YOUR OBJECTIVE:
Using the listing below, reproduce exactly the lines from the one with "Нитки Tera из" through the last, with all pictures left out.

DATASET SECTION:
# # # #

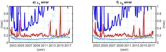 Initially, we display time series of GSMAM computed using different GRACE solutions and GRACE + SLR, without applying any filtering (Figure 1a,b). The series have quite similar character with strong positive trends in χ1, weaker negative trends in χ2, visible annual variation, and some other oscillations of periods both shorter and longer than annual. It is obvious that GRACE + SLR series are less noisy than GSMAM from GFZ RL06 solution. Notably, after 2016, the series became more noisy, as the accuracy of GRACE decreased due to a change in thermal control of the spacecraft due to the increasingly limited battery capacity. In 2017, one accelerometer was turned off and that caused a further degradation of the results, especially visible for GFZ and ITSG solutions. Figure 1 gives also formal errors of estimated χ1, χ2, which were computed from the errors of ΔC21, ΔS21 coefficients (Figure 1c–f) (errors for CNES RL04 were not available). It is visible that the best GRACE performance occurs in the years 2006–2013, and before and after this period the error values are higher and noisier. During the entire 15-year GRACE operational period, some peaks of visibly higher errors occurs typically related to occasional periods of short repeat orbits. Compared to other GRACE solutions, the CSR RL06 series has the lowest and the most stable errors of χ1 and χ2. However, the errors of GRACE + SLR series are even lower. Notably, after 2005, the errors of GFZ-based excitation series start to increase almost linearly.
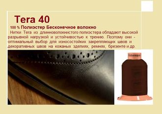 Нитки Tera из длинноволокнистого полиэстера обладают высокой разрывной нагрузкой и устойчивостью к трению. Поэтому они - оптимальный выбор для износостойких закрепляющих швов и декоративных швов на кожаных изделиях, ремнях, брезенте и др.
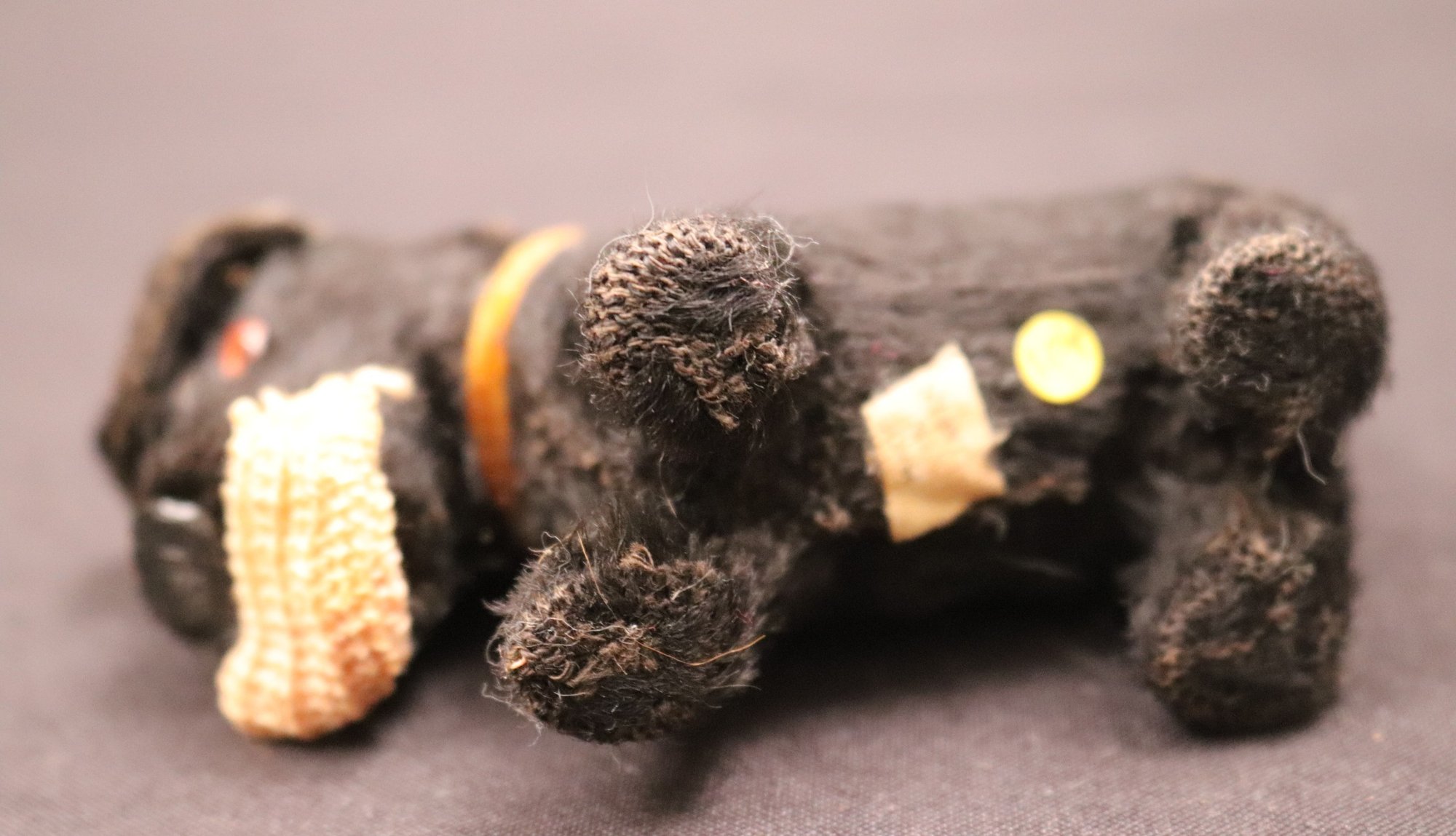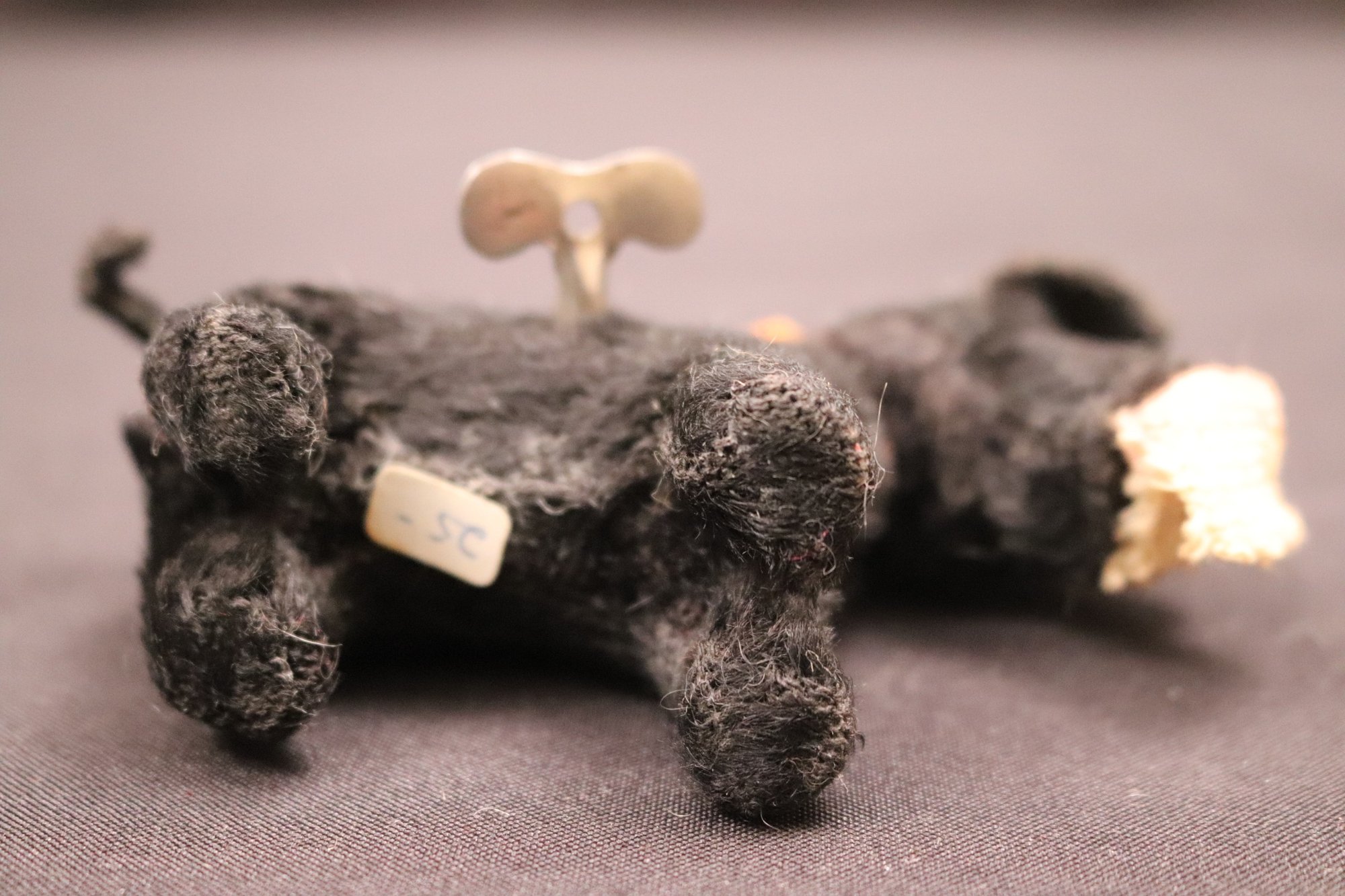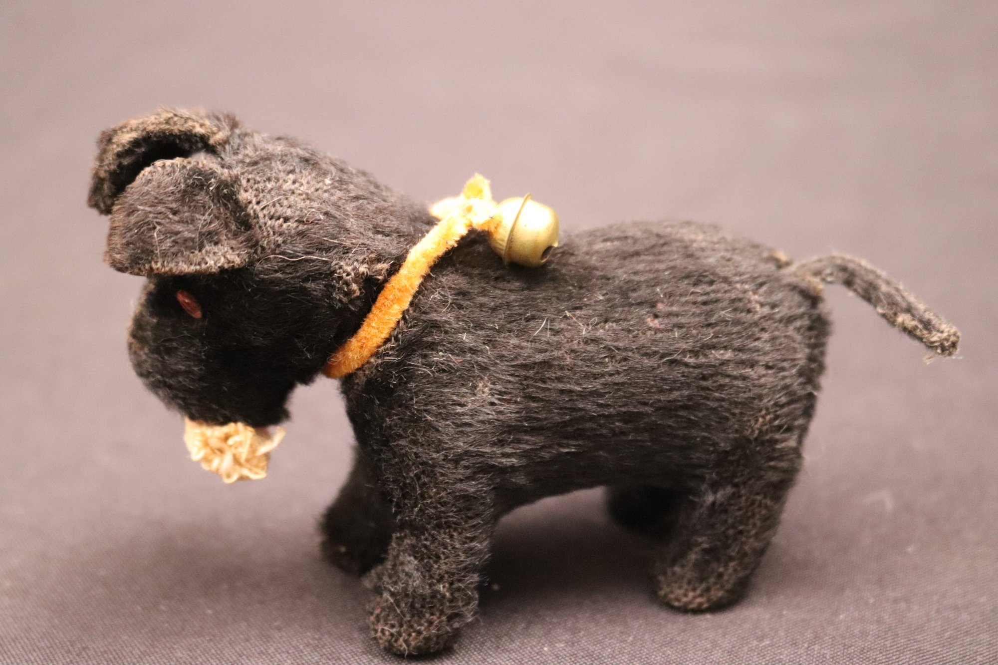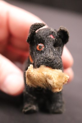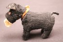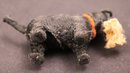 These small vintage black plush covered Scottie dog wind-up toys measure approximately 4” long. All toys are wind up, only one has a key. Not tested. One of the dogs is missing one eye. Age-related wear consistent with age and some loss of fur as pictured.
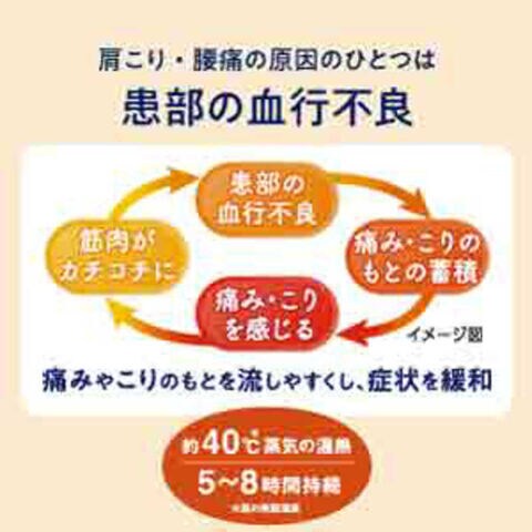 蒸気の出る温熱シート。慢性の肩こり・腰痛をじっくりほぐす。効能効果: 温熱効果一般医療機器

# # # #

OUTPUT FOR THIS EXERCISE:
 Нитки Tera из длинноволокнистого полиэстера обладают высокой разрывной нагрузкой и устойчивостью к трению. Поэтому они - оптимальный выбор для износостойких закрепляющих швов и декоративных швов на кожаных изделиях, ремнях, брезенте и др.
 These small vintage black plush covered Scottie dog wind-up toys measure approximately 4” long. All toys are wind up, only one has a key. Not tested. One of the dogs is missing one eye. Age-related wear consistent with age and some loss of fur as pictured.
 蒸気の出る温熱シート。慢性の肩こり・腰痛をじっくりほぐす。効能効果: 温熱効果一般医療機器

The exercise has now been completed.